Susan looked at the lifeless homunculus. “It’s a good try,” she said slowly, “but it isn’t quite right, no.”

Pel turned to Athelstan again. “If we had some of Nancy’s hair, would that help?”

“Oh, most assuredly! By the Law of Contagion we derive the Law of Parts, and see thereby that the part can be made equal to the whole-from a single hair, in time, we can surely recreate all the pattern of your wife’s flesh.”

“Do you know how to do it?”

Athelstan hesitated, then glanced at Boudicca.

“I do,” the female wizard said.

“Good,” Pel said. He looked at Susan, then away.

If he sent Susan back to Earth, why would she return?

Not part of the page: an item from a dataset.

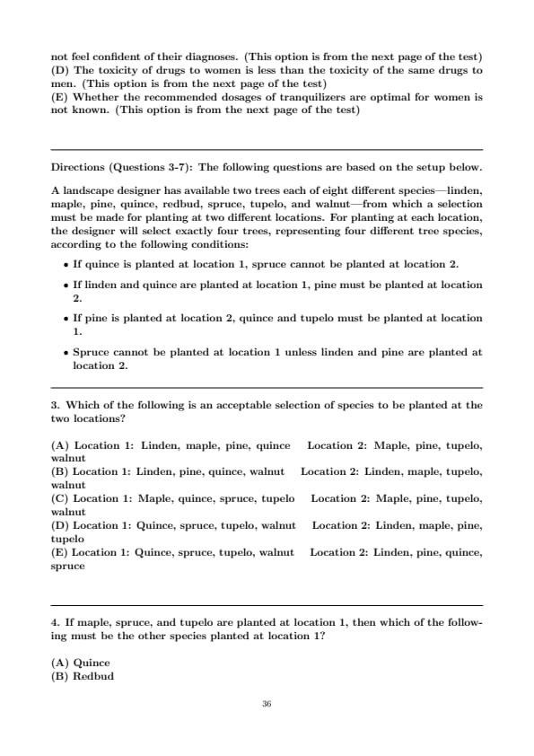 If maple, redbud, and walnut are planted at location 1, then any of the following species can be planted at location 2 EXCEPT

It was, perhaps, cruel to keep her here, but so far she hadn’t asked him to send her home, and it was so good to see her alive again, to have the company of a fellow Earthman.

Maybe she wasn’t sure the magic that had revived her would hold back on Earth-and for that matter, Pel wasn’t entirely certain, either, but Shadow’s fetches had lived in the Galactic Empire, and Prossie had said simulacra had lived there; why not a revenant on Earth, then? Susan had left Earth alive, and would return alive, and what difference did it make what had happened in between?

But he wanted her here.

He would open a portal to Earth, and send someone to bring him back Nancy’s hairbrush, and Rachel’s, and the bedroom and bathroom wastebaskets, and anything else that might have hairs or fingernail clippings in it.